アルツハイマー型認知症の原因と遺伝子について

アルツハイマー病と変性蛋白

アルツハイマー病あるいは、アルツハイマー型認知症(以下、まとめてアルツハイマー病と略します)の原因について、我々(人類)は、思ったほど、知り得ていないということが分かりました。

アルツハイマー病に罹患していた人の脳を解剖した結果、脳神経細胞にタンパク質が沈殿していることが分かりました。

・βアミロイド蛋白
・タウ蛋白

と呼ばれるものです。

一般に、このタンパク質が神経細胞の壊死を引き起こして、認知症を発生させるものと考えられています。

そのため、上記のタンパク質を作らないようにする薬やワクチンの開発が進みましたが、うまくいった例はありません。
これが、アルツハイマー病の根治療法ができない現状です。

にわとりか卵か

2019年1月、スイスの大手製薬会社が、タンパク質プラークを除去する抗体薬の大規模な研究を中止しました。

実際のところ、βアミロイド蛋白やタウ蛋白が沈殿するから、アルツハイマー病になるのか、それとも、後で確認した結果として、アルツハイマー病になった人に、それらのタンパク質が沈殿していたのか、確証が得られにくくなりました。
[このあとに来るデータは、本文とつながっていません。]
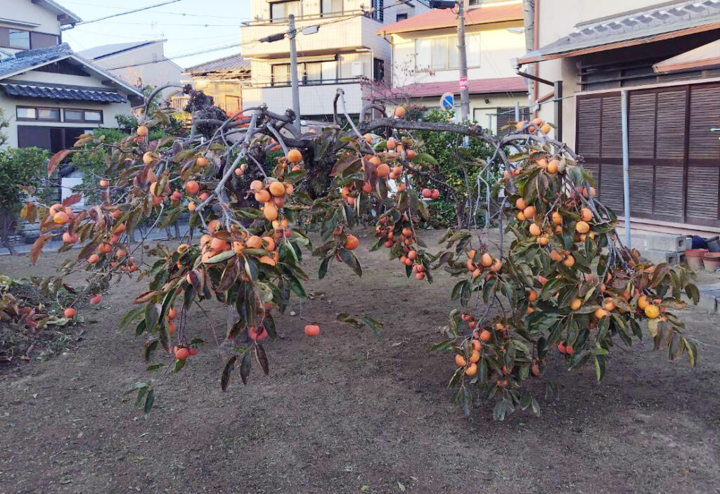 数年前までは樹高が4メートル近くあり、実が高い場所になるため、収穫しづらい状態だった柿の木。
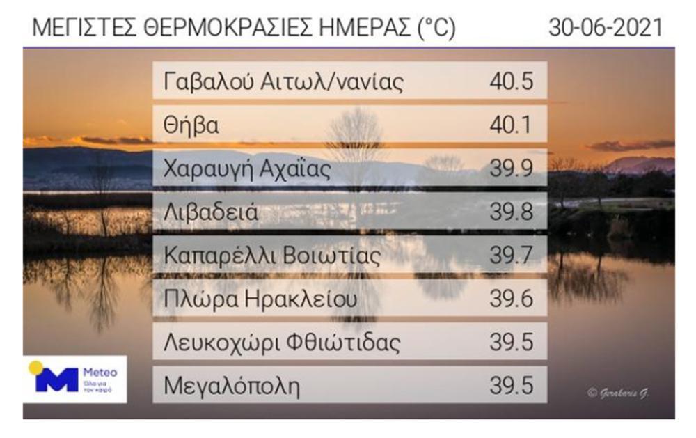 Για ένατη συνεχόμενη ημέρα σημειώθηκαν σήμερα πολύ υψηλές για την εποχή θερμοκρασίες στη χώρα μας, ιδίως σε Αιτωλοακαρνανία, Αχαΐα και Βοιωτία. Οι υψηλότερες μέγιστες θερμοκρασίες καταγράφηκαν στη Γαβαλού Αιτωλ/νίας με 40,5 βαθμούς κελσίου και ακολούθησαν Θήβα (40,1), Χαραυγή Αχαΐας (39,9) και Λειβαδιά (39,8), σύμφωνα με το δίκτυο των αυτόματων μετεωρολογικών σταθμών του Εθνικού Αστεροσκοπείου Αθηνών/meteo.gr.
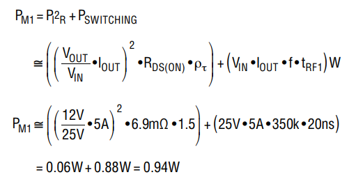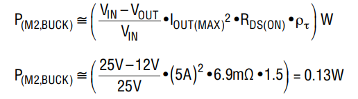 可通過選擇一個較低的開關(guān)頻率來降低 0.88W 的最大開關(guān)功耗。由于該計(jì)算是近似的,因此應(yīng)在 PCB 上測量實(shí)際的上升和下降時間以獲得更好的功耗估計(jì)。當(dāng)電路工作于降壓區(qū)時,M2 中的最大功率耗散出現(xiàn)在最大輸入電壓下。若采用 6.9mΩ FDMS7672,則功率耗散為:
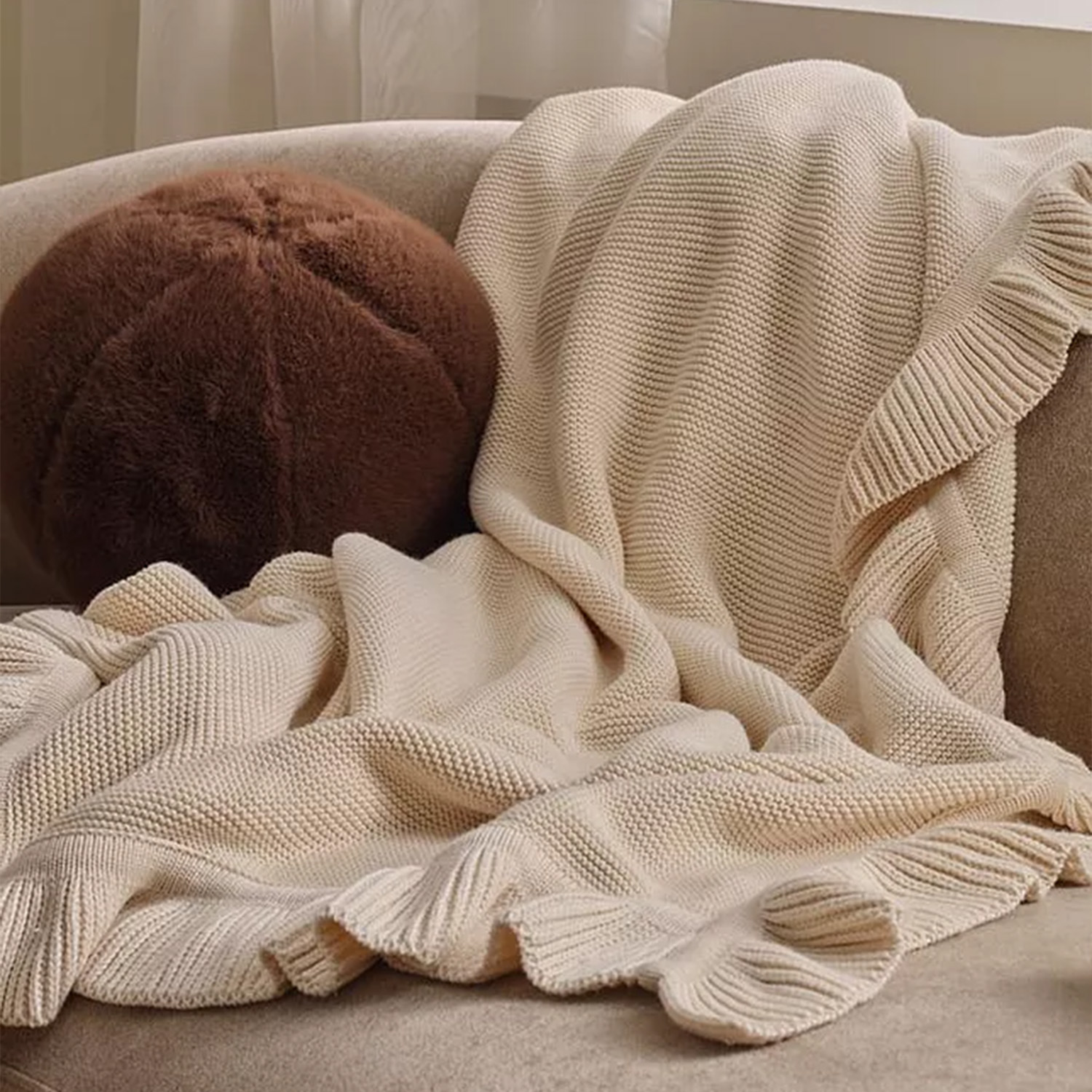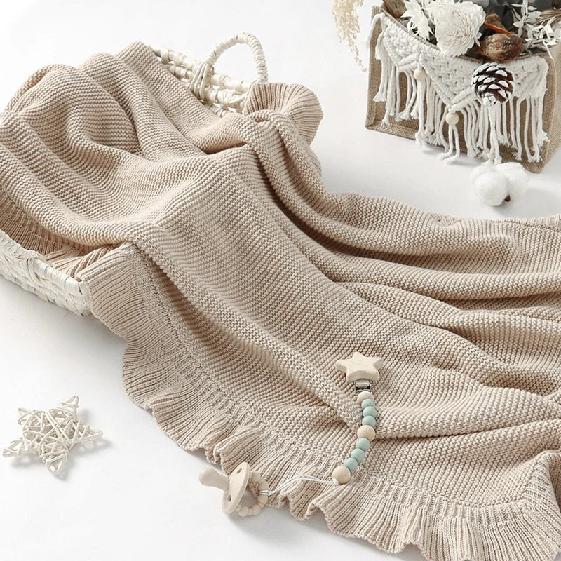 Exquisitely crafted with a vintage-inspired aesthetic, our ruffle knitted blankets offer a sophisticated touch to any nursery. Made from 100% long-staple cotton, these blankets feature a soft, breathable knit structure and an elegant ruffled border. The medium-weight density provides comforting pressure that helps infants feel secure, making it an ideal choice for high-end boutique brands and gift retailers.
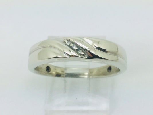 10k White Gold Round Cut 0.08ct Diamond Heart Band Ring
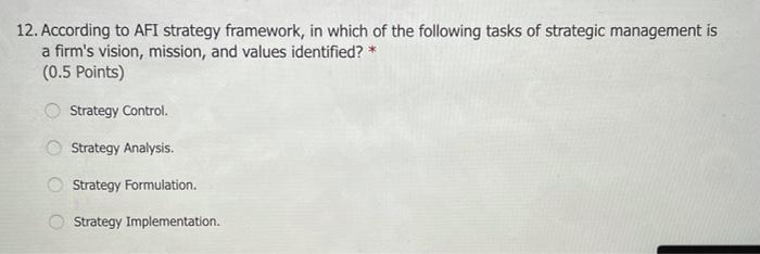 Solved 12 According To Afi Strategy Framework In Which Of Chegg Com
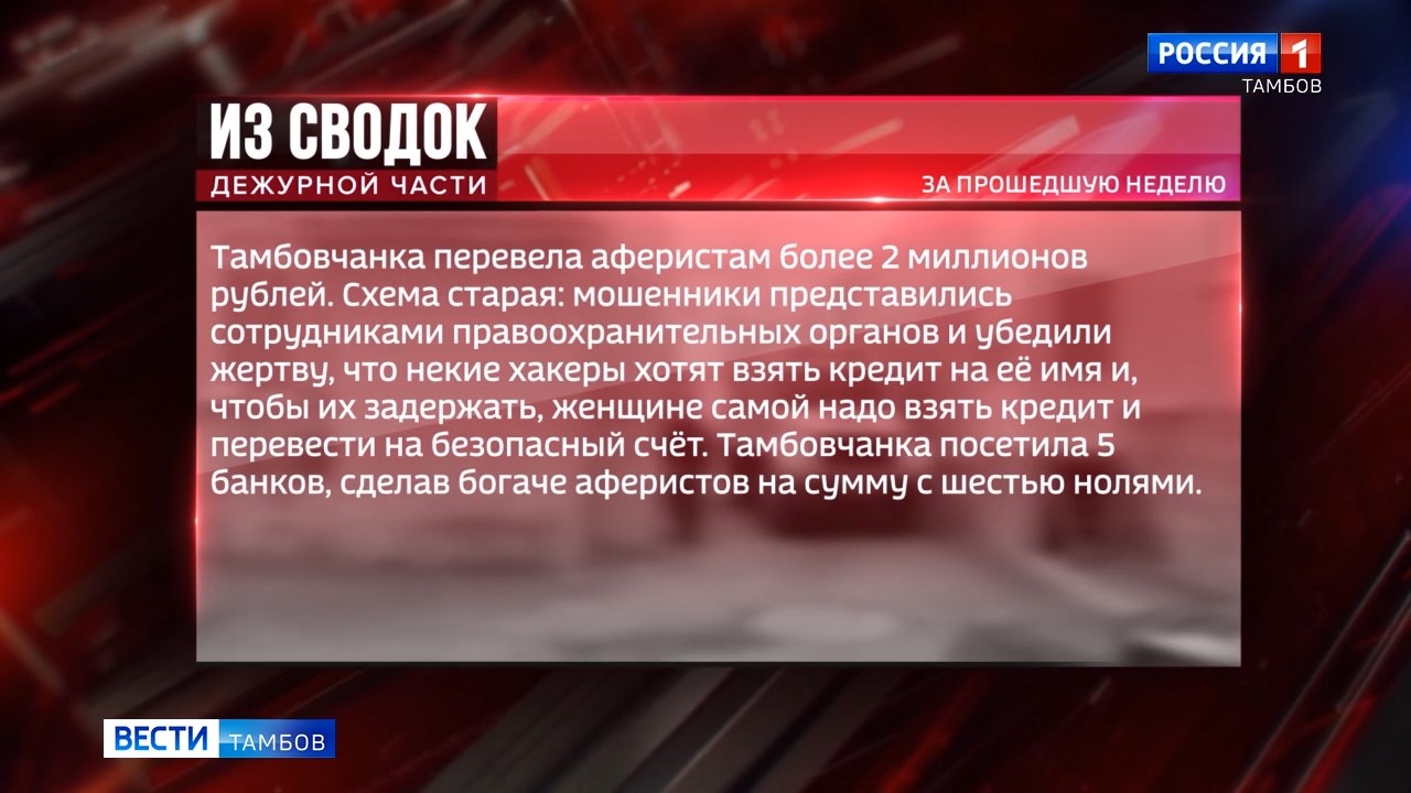 Тамбовчанка перевела аферистам более 2 миллионов рублей. Схема старая: мошенники представились сотрудниками правоохранительных органов и убедили жертву, что некие хакеры хотят взять кредит на её имя и, чтобы их задержать, женщине самой надо взять кредит и перевести на безопасный счёт. Тамбовчанка посетила 5 банков, сделав богаче аферистов на сумму с шестью нолями.
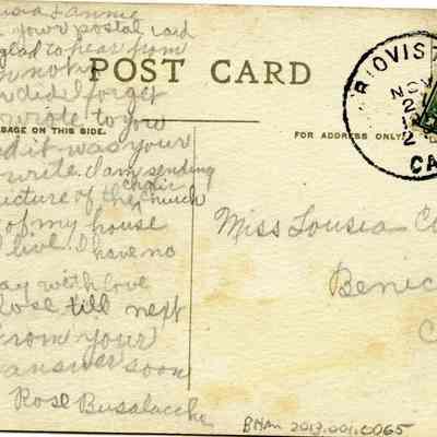 The back is addressed to Miss Louisa Costa of Benica (sic) California. It is from Rose Busalacche.Collection
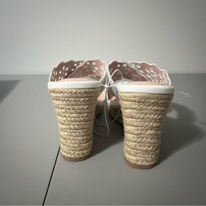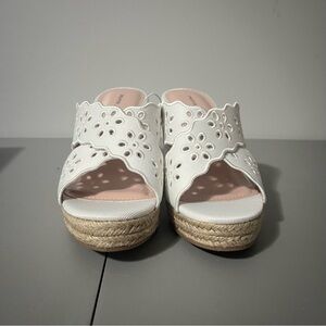 The Draper James Emily wedge sandals in white feature a slip-on design with an open toe and eyelet detailing
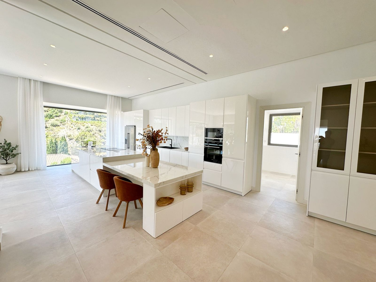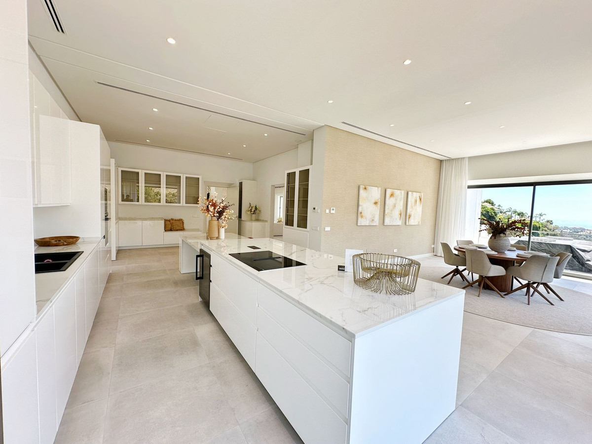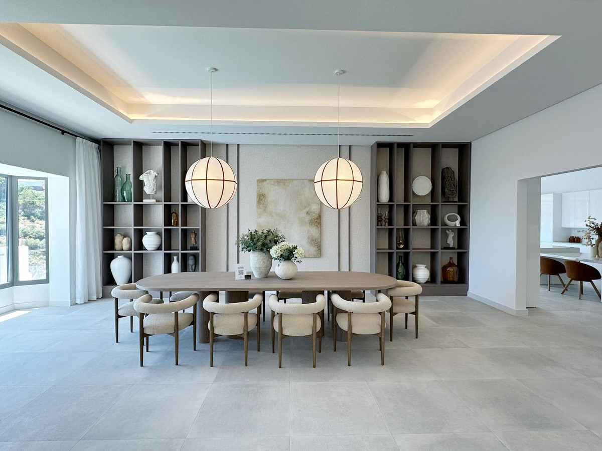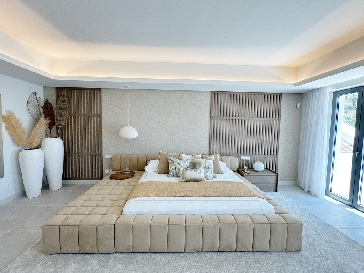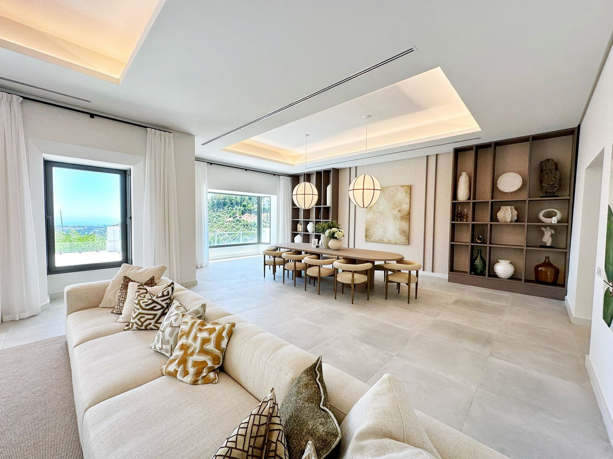 As you enter, you'll be greeted by a grand entrance hall leading to a spacious open-concept living room, an elegant dining area, and an oversized kitchen. Additionally, a stunning double-height office space provides a perfect work environment, all while enjoying unobstructed views of the El Madroñal mountains and the Mediterranean Sea.
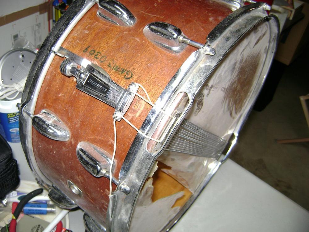 Guys, working gratis rehab on a Sling 15 inch mahogany snare drum 70's era for a school project. Someone put a standard 15 inch hoop on it and I'd like to replace it with the right hoop. Willing to trade too. Thanks. Dean
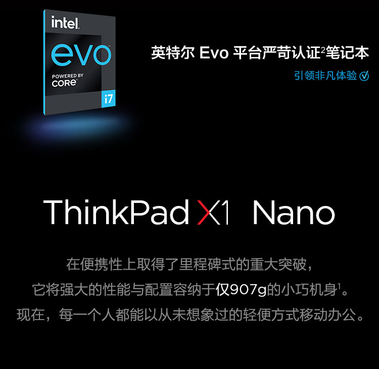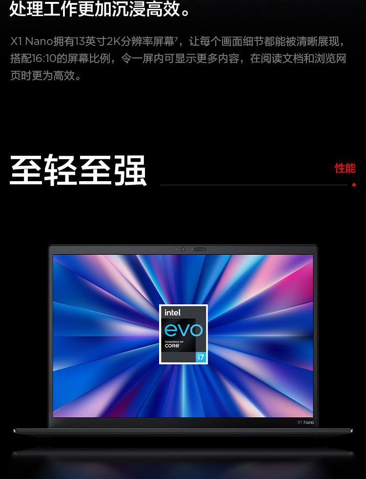 联想ThinkPad X1 Nano 32CD 英特尔Evo平台 13英寸轻薄笔记本电脑 十一代i7-1160G7 16G 1T 2K Win10Pro
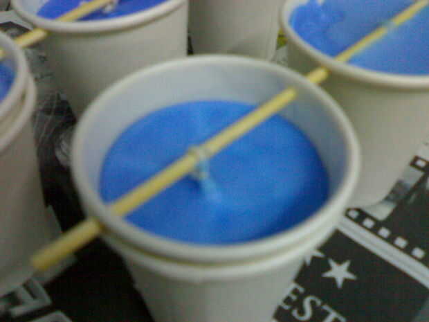 También sugiero que ya que la parte inferior de las tazas de papel toma un rato para refrescarse, pueden elevar toda la fila mediante la colocación de la 1ª y la última copa en otra taza de papel. Esto hace la fila entera elevarse del suelo y con el enfriamiento.
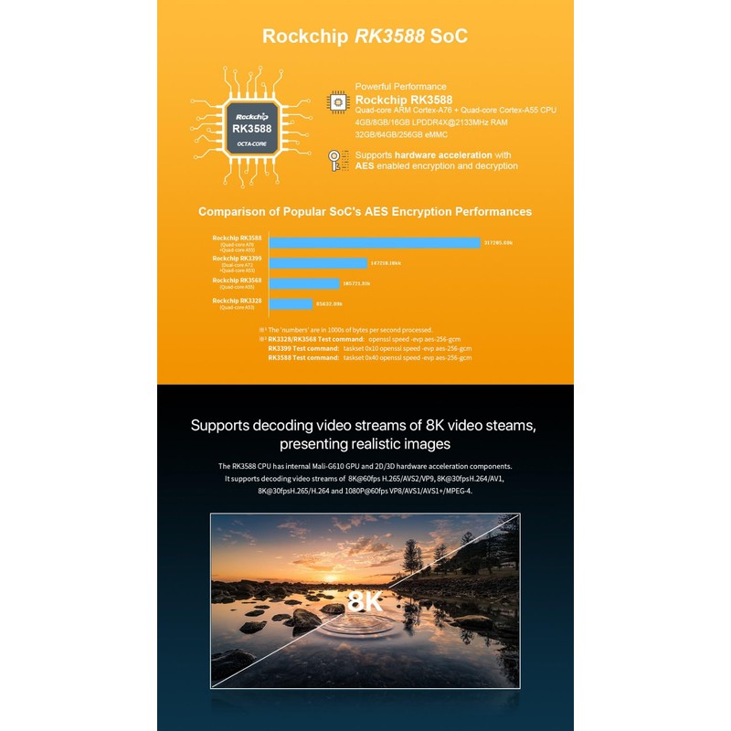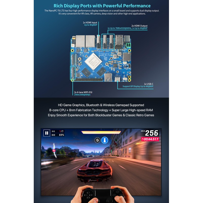 - [8K Video Decoders and Encoders] NanoPC-T6 computer wifi router has two HDMI output interfaces and one HDMI IN interface, it can decode and play video streams up to 8K60p H.265/VP9, 8K30p H264 and other formats of video, and can record video streams 4k60p H.265 format video. Able to obtain high-frequency game graphics and the fun of best-selling games.
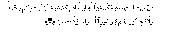 17. Qul man tha allathee yaAAsimukum mina Allahi in arada bikum soo-an aw arada bikum rahmatan wala yajidoona lahum min dooni Allahi waliyyan wala naseeran
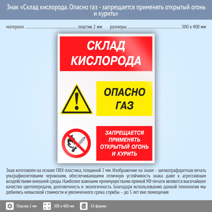 Знак «Склад кислорода. Опасно газ - запрещается применять открытый огонь и курить», КЗ-85 (пластик, 300х400 мм) в Москве купить
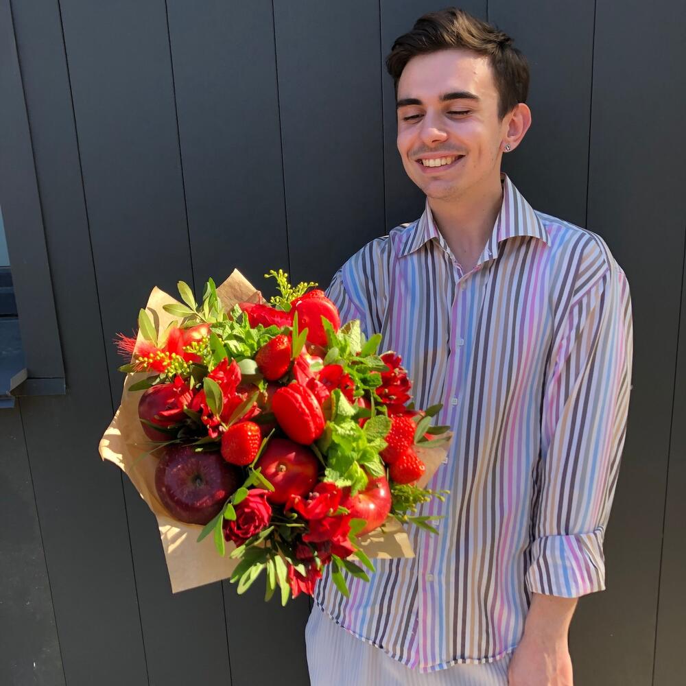 нектарины или слива – 5 шт.яблоки – 5 шт.Клубника – 5 шт.Мята пучок – 3 шт.Альстромерия – 6 шт.Лагурус – 5 шт.фисташка зелень – 2 шт.розы – 2 шт.
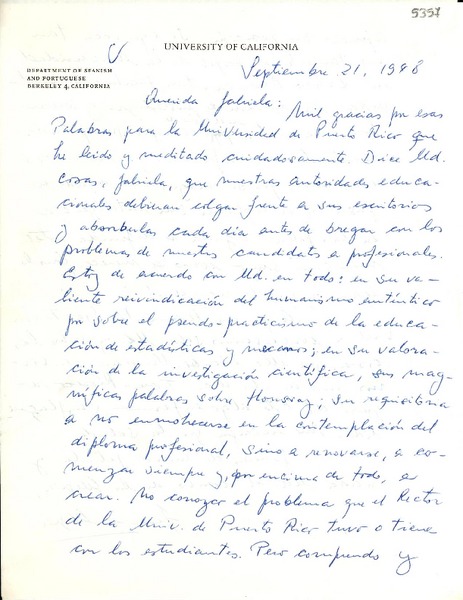 [Carta] 1948 sept. 21, California [a] Gabriela Mistral [manuscrito] Fernando Alegría.
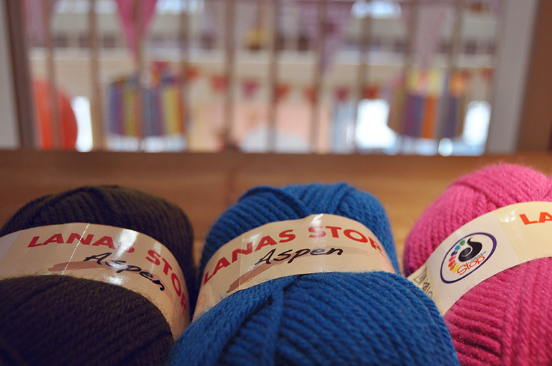 Para estos talleres Lanas Stop ha colaborado cediendo materiales como agujas de ganchillo y ovillos de lana como los que podéis ver en las fotos.

つまり、タンパク質が、原因なのか、原因の一部なのか、それとも確認した結果にすぎないのか、分からなくなったのです。

新しいアプローチ

しかし、別の視点でとらえると、検証可能なデータがあります。

APOE遺伝子を持つ人は、そのタイプにより、認知症になるリスクが異なることが分かりました。

APOE2遺伝子は、アルツハイマー病の発症率を下げ、APOE4遺伝子は、発症率を大きく上げます。
現時点では、こういうデータが確認されていますが、治療法はありません。

ただ、今後、APOE4遺伝子を持つ人の脳にリスクの低いAPOE2遺伝子を投与するという、遺伝子治療の試験が、2019年5月から開始されます。

既存の治療法は、壁につきあたっているため、あたらしい手法の治療法を開発する緒についたことになります。

alzheimer

(上記の記事は、以下から引用、抜粋しました)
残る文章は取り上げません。